In spite of being born and raised in America, I haven’t lived there in a decade. 

Over these last ten years, there have been many things I have loved about living overseas.  My eight years in Okinawa were amazing and I would go back there is a heartbeat.  I’m fairly certain there is a part of my soul that now firmly belongs to the island.  Falling in love with Belgium has been shockingly quick.  It’s as though I was grieving for the loss of my overseas love and pushed myself to fall in love again right away.  But this isn’t just a rebound country; the kindness of the people, the unique character of the country has helped to build a solid foundation of love here.

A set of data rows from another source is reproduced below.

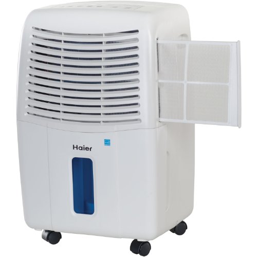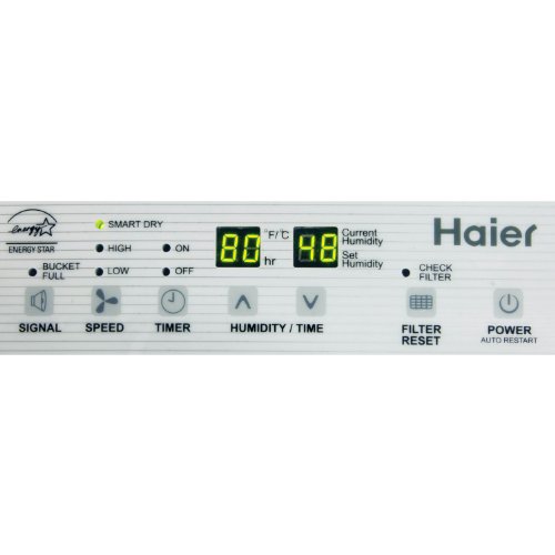 Haier's 65-pint dehumidifier is a good choice for wet conditions removing 65 pints of damaging moisture from the air per day. Features include electronic controls with digital display, two speeds plus Smart Dry and a 24-hour timer. Smart Dry adjusts the fan speed automatically according to the current room conditions and the preferred settings. This unit has a bucket-full indicator light with an audible alarm plus a large, front bucket with a handle to make emptying the unit quick and easy. The unit automatically stops once the bucket is full. Plus, it has a drain on the back of the unit so you can attached a standard garden hose to continuously drain the unit into a floor drain (hose not included).2-speed dehumidifier with Smart Dry
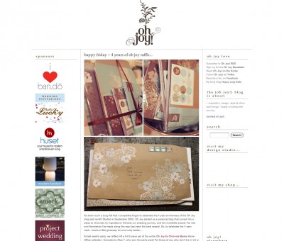 Es gibt so viele unglaublich schöne Blogs - aber Oh Joy! gehört für mich zu den allerschönsten! Kein Wunder, denn auch in diesem Blog geht es um die schönen Dinge ... Ein bisschen ein amerikanisches Pendant zur Texteralla also, wenn gleich mit deutlich mehr Lesern (allein bei Bloglines werden über 1.660 Abonnenten gelistet. Nunja, auch Texterella braucht ja Ziele! :-))
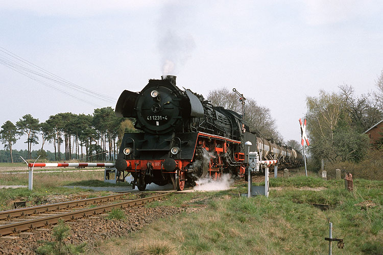 Für die meist kleineren Veranstaltungen im neuen Jahrtausend wurden mangels planmäßiger Güterzüge oft Güterzüge speziell für Fotozwecke eingelegt. So kommt man auch bei nur einer Lok auf seine Kosten, da viele Halte durchgeführt werden können. Am 17.04.2004 war die Staßfurter 41 1231 mit solch einem Fotogüterzug von Staßfurt nach Oebisfelde unterwegs und fährt nach einem geplanten Halt vor dem Einfahrsignal des Bahnhofes Wegenstedt wieder an.
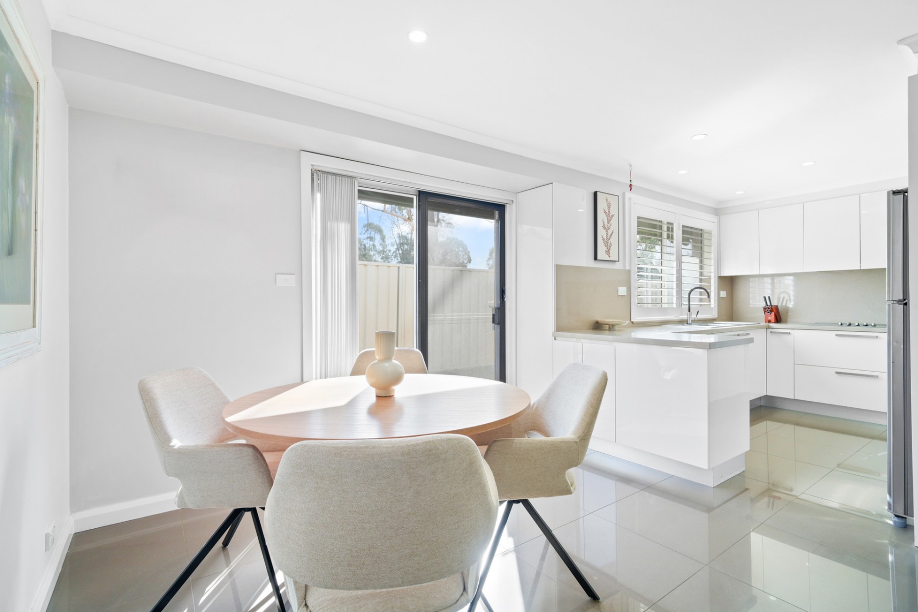 - The tiled dining area features a spacious, flowing layout that enhances both functionality and social interaction
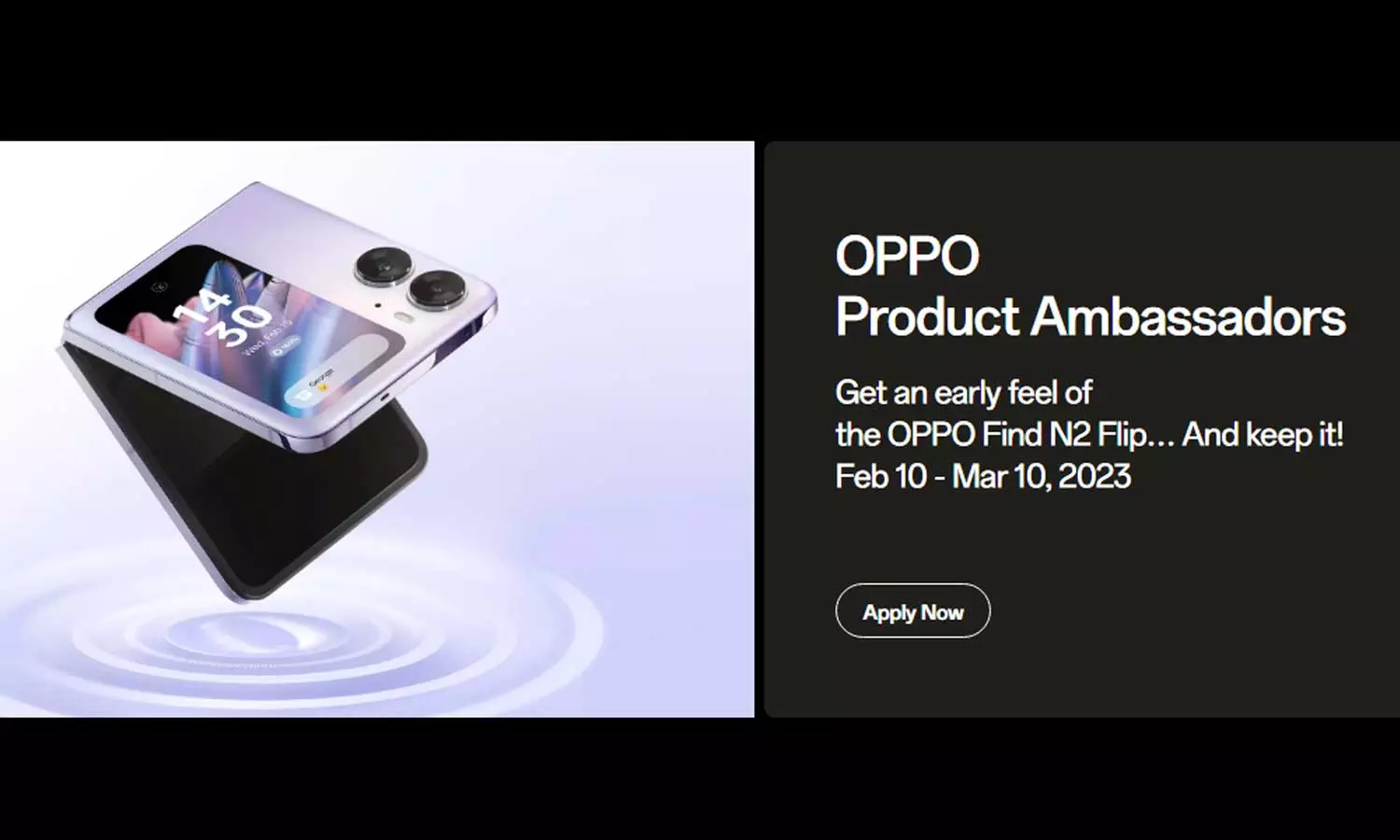இதற்கான விண்ணப்பங்கள் மார்ச் 10, ஆம் தேதி நள்ளிரவு 11.59 மணி வரை சமர்பிக்க முடியும். இதில் தேர்வு செய்யப்படும் Product Ambassador-களுக்கு ஒப்போ ஃபைண்ட் N2 ஃப்ளிப் ஸ்மார்ட்போன் அனுப்பப்படும். பின் டெஸ்டிங் நிறைவு பெற்றதும், ஒப்போ ஃபைண்ட் N2 ஃப்ளிப் யூனிட்டை அப்படியே வைத்துக் கொள்ளலாம். இந்த திட்டத்தில் விண்ணப்பிக்க கடைசி தேதி ஏற்கனவே அறிவிக்கப்பட்டு விட்டது. அந்த வகையில், ஃபைண்ட் N2 ஃப்ளிப் வெளியீடு விரைவில் நடைபெறுகிறது.
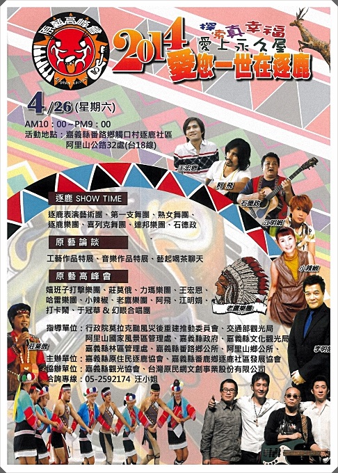 台灣原住民各族豐富的人文歷史及族群藝術精湛而多樣化,不同的文化風情及藝文的呈現,若能將其跨部落交流整合,結合各種原民文化差異,必能引起強烈迴響。本計畫以園遊會方式,結合各族原住民的傳統文化、歌舞展演、藝術創作及阿里山的觀光、人文、產業等,亦特邀各族群之名藝人及藝術家共同響應本次活動,此一原民藝文交流盛事透過中央各部會及企業的贊助與協助首次在「逐鹿社區」推出,冀希此藝文盛會能夠藉此契機在逐鹿社區蓬勃延續,並確立逐鹿社區將來是為『阿里山文化創意』之重鎮。

While I have found so much to love about living overseas, there are times I miss being home in the USA.  There are just some things that you can’t find when you are away.


1) Family

The absolute worst thing about living in a foreign country is living away from family.  I might have picked up and left, but they stayed behind.  It can be years between visits, and due to the awkward time difference, months between phone calls.  At first I resisted Facebook, thinking it to be a trendy thing that would pass.  As soon as I realized how easy it would be to stay in touch with people this way, and know what was going on in their lives even when we couldn’t talk, I was converted.  I honestly would have to say that social media saved my sanity while living overseas by putting me back in touch with my family.


2) Holidays

Independence day has just passed for the USA, and I did nothing.  Well, not nothing.  My husband joined up with the Air Force, and we moved all over the place.  But you know.  No barbeque, no fireworks; none of the traditional celebrations.  Why?  Because the closest place to celebrate that way for us was at least an hour drive and no one wanted to make the trip, dodge the traffic, fight large crowds, and get back superiorly late at night.  The hassle of not having a celebration close by means we must make a choice.  Either we celebrate the traditional way, or we make it a low key holiday at home.  We’ve had quite a few low key holidays at home.

Of course, when it comes time to travel to Germany for the Christmas markets, I am really happy to be overseas for the holidays.

3) Shopping

Of course there is shopping all around the world.  I’m not complaining about there being no where to shop.  The complaint is in the ease of shopping.  There are always going to be things I simply can’t get anywhere else.  Some of these things are from the USA, others are now things I wish I could buy from Okinawa, and I am sure when I leave here there will be things I deeply miss from Belgium.  The biggest challenge is the translation of ingredients in food.  I have a gluten intolerance, which means I have to read what is in my food carefully for my health.  Checking labels that are in another language is not an easy task when you do not speak the language.  Some are easily labeled, and some have multiple languages written on them.  Some are just me taking a chance as to whether or not it will work out.  It’s a risk, and it’s not always one I enjoy taking.

4) Fast Food

There are very few fast food restaurants here in Belgium, at least that I have seen.  In many ways, this is a great thing.  We can’t as easily just pick up dinner instead of cooking a healthy meal, meaning our healthy eating habits have improved since moving here.  However, when I am exhausted at the end of the day and just DO NOT want to cook, I hate that I still need to make something.  When we are on the road, or having an incredibly busy day, I hate that we can’t just pull over anywhere and have a quick bite before diving back in.  The lack of fast food restaurants is great for our health, but horrible for my convenience.

5) Family

I know, I already said family.  This one is hard enough it deserves to be said twice.  I’m fortunate enough to have an awesome set of siblings, and a mother who is AMAZING, as well as the coolest nieces and nephews.  Everyday I am apart from them is heartbreaking.  I know living in another country is a great opportunity for myself and my daughters, but I hate that the price is time with my family.


So now, I have to ask.  What is your favorite part about your home?